-- Opening Marker --

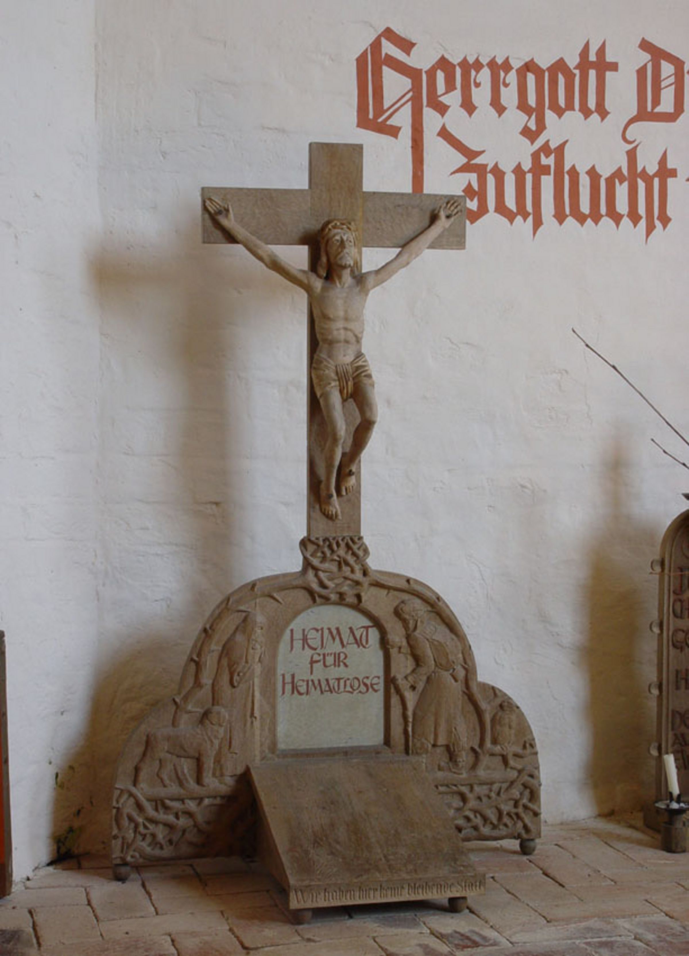 Unter dem Elmenhorster Kreuz steht in einer portalartigen Arkade „Heimat für Heimatlose“. Ein Mann und eine Frau mit einem Kind auf dem Arm nähern sich unter Dornen dieser Zuflucht. Der Mann in schwerem Mantel, den Tornister auf dem Rücken, am Gürtel ein Essgeschirr, in der Hand einen Wanderstab. Ikonographisch erinnert die Szene an die Flucht der Heiligen Familie, an Maria und Joseph. Ein großer Hund ist mit dabei, auf der anderen Seite sitzt eine Eule.
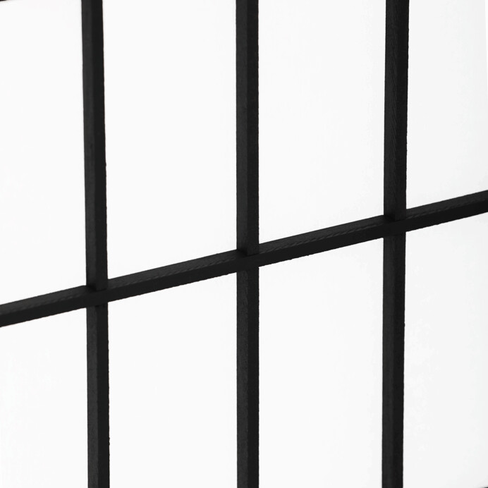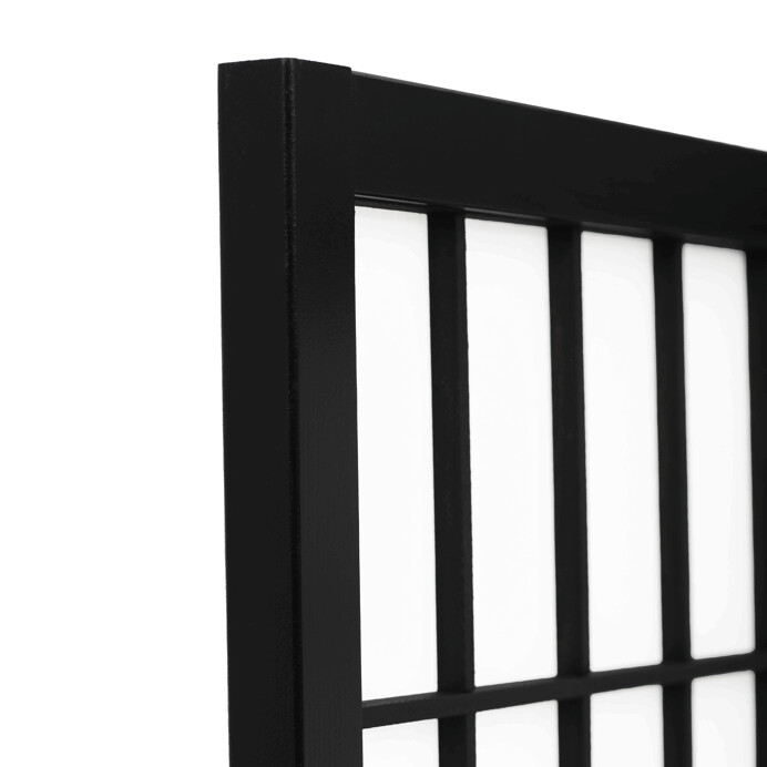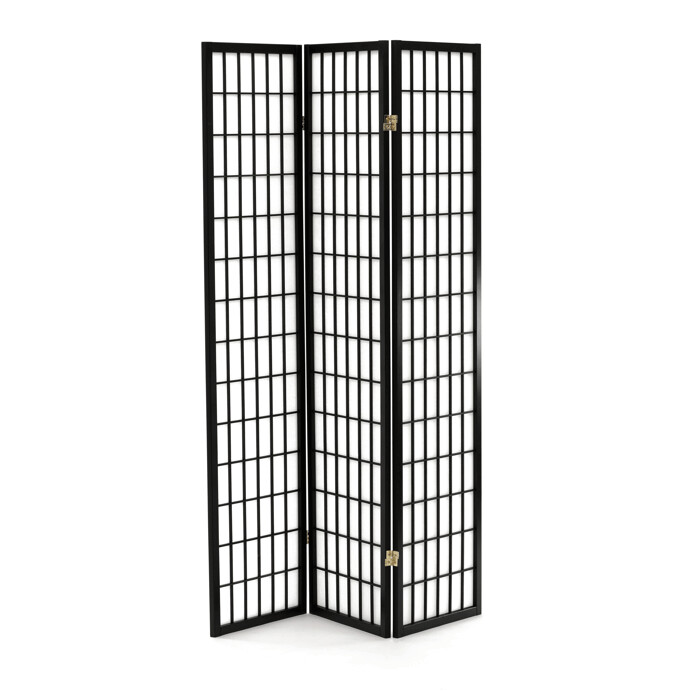 Trojdielny paraván je vyrobený z masívneho smrekového dreva s povrchovou úpravou v čiernom matnom laku, ktorý zabezpečuje kvalitné spracovanie a dlhú životnosť. Výplň tvorí biela netkaná textília, ktorá prepúšťa svetlo a zároveň poskytuje dostatočné súkromie. Vďaka trom otočným dielom umožňuje flexibilné nastavenie uhla a jednoduché prispôsobenie priestoru. Paraván je vhodný na oddelenie miestností, vytvorenie súkromných zón alebo ako dekoratívny prvok interiéru. Jeho rozmery a pevná konštrukcia zaručujú stabilitu pri použití v rôznych typoch priestorov.
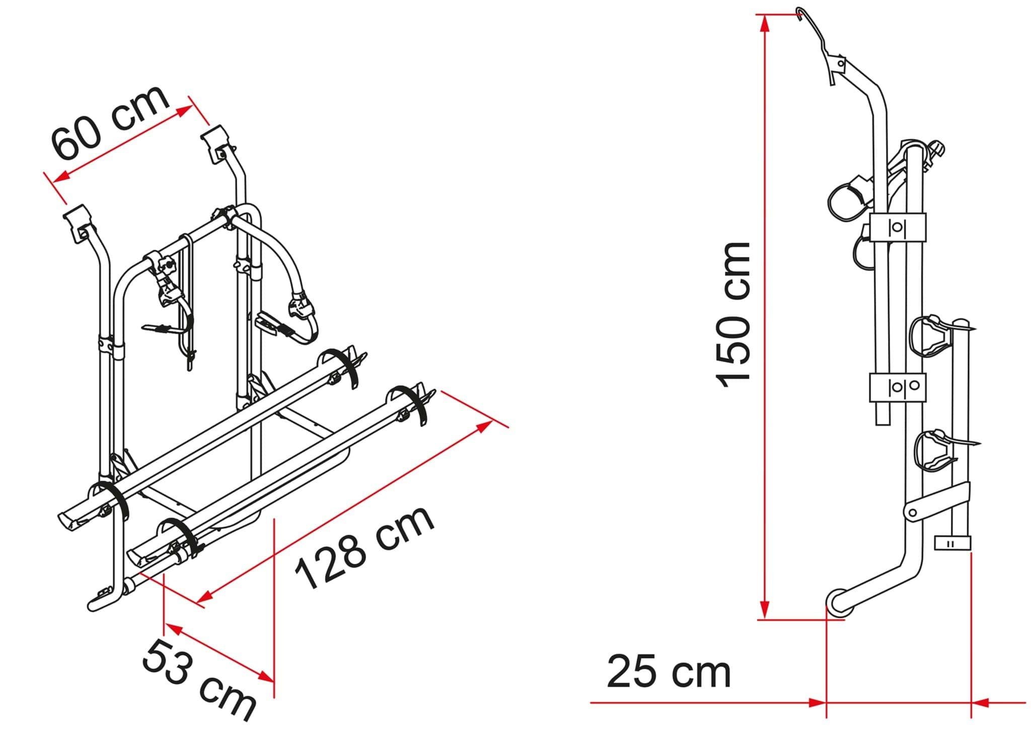 Fietsendrager van Fiamma, geschikt voor op de achterklep van de Ford Transit tussen bouwjaar 2000 en 2012.
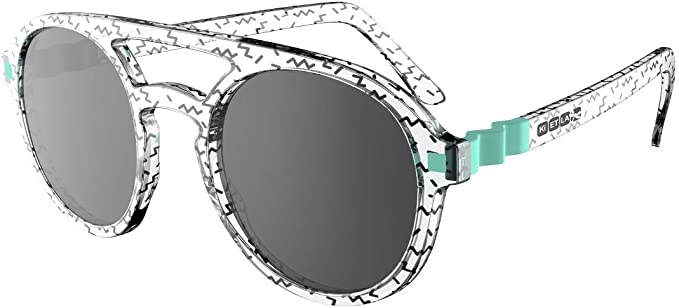 Superkule, kvalitets-solbriller fra franske KiETLA, med pilotform som er ekstra fleksible med Bi-material ramme med et ekstra fleksibelt ZigZag hengsel for manipulering av templene i alle retninger samt umulig å klemme de små fingrene. Solbrillene hhar høy beskyttelse, kategori 3 polariserte linser, anti-UVA, UVB og UVC filter samt overdimensjonert form som perfekt dekker og beskytter barnas øyne. I tillegg er solbrillene veldig lette for topp komfort. Oppbevaringspose følger med i den gjenbrukbare og resirkulerbare pappvesken. Str. 6-9 år.
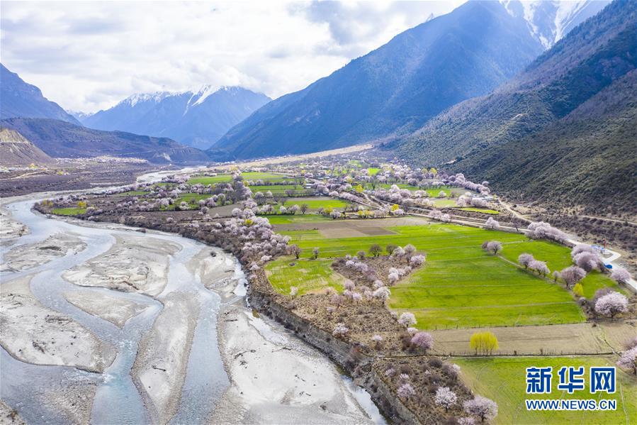 西藏林芝市波密縣境內(nèi)桃花盛開的田園風光(無人機照片,3月26日攝)。新華社記者 普布扎西 攝

-- Closing Marker --

» What you should do
Return the material in full and unaltered, minus its pictures.

» Expected output
 Unter dem Elmenhorster Kreuz steht in einer portalartigen Arkade „Heimat für Heimatlose“. Ein Mann und eine Frau mit einem Kind auf dem Arm nähern sich unter Dornen dieser Zuflucht. Der Mann in schwerem Mantel, den Tornister auf dem Rücken, am Gürtel ein Essgeschirr, in der Hand einen Wanderstab. Ikonographisch erinnert die Szene an die Flucht der Heiligen Familie, an Maria und Joseph. Ein großer Hund ist mit dabei, auf der anderen Seite sitzt eine Eule.
 Trojdielny paraván je vyrobený z masívneho smrekového dreva s povrchovou úpravou v čiernom matnom laku, ktorý zabezpečuje kvalitné spracovanie a dlhú životnosť. Výplň tvorí biela netkaná textília, ktorá prepúšťa svetlo a zároveň poskytuje dostatočné súkromie. Vďaka trom otočným dielom umožňuje flexibilné nastavenie uhla a jednoduché prispôsobenie priestoru. Paraván je vhodný na oddelenie miestností, vytvorenie súkromných zón alebo ako dekoratívny prvok interiéru. Jeho rozmery a pevná konštrukcia zaručujú stabilitu pri použití v rôznych typoch priestorov.
 Fietsendrager van Fiamma, geschikt voor op de achterklep van de Ford Transit tussen bouwjaar 2000 en 2012.
 Superkule, kvalitets-solbriller fra franske KiETLA, med pilotform som er ekstra fleksible med Bi-material ramme med et ekstra fleksibelt ZigZag hengsel for manipulering av templene i alle retninger samt umulig å klemme de små fingrene. Solbrillene hhar høy beskyttelse, kategori 3 polariserte linser, anti-UVA, UVB og UVC filter samt overdimensjonert form som perfekt dekker og beskytter barnas øyne. I tillegg er solbrillene veldig lette for topp komfort. Oppbevaringspose følger med i den gjenbrukbare og resirkulerbare pappvesken. Str. 6-9 år.
 西藏林芝市波密縣境內(nèi)桃花盛開的田園風光(無人機照片,3月26日攝)。新華社記者 普布扎西 攝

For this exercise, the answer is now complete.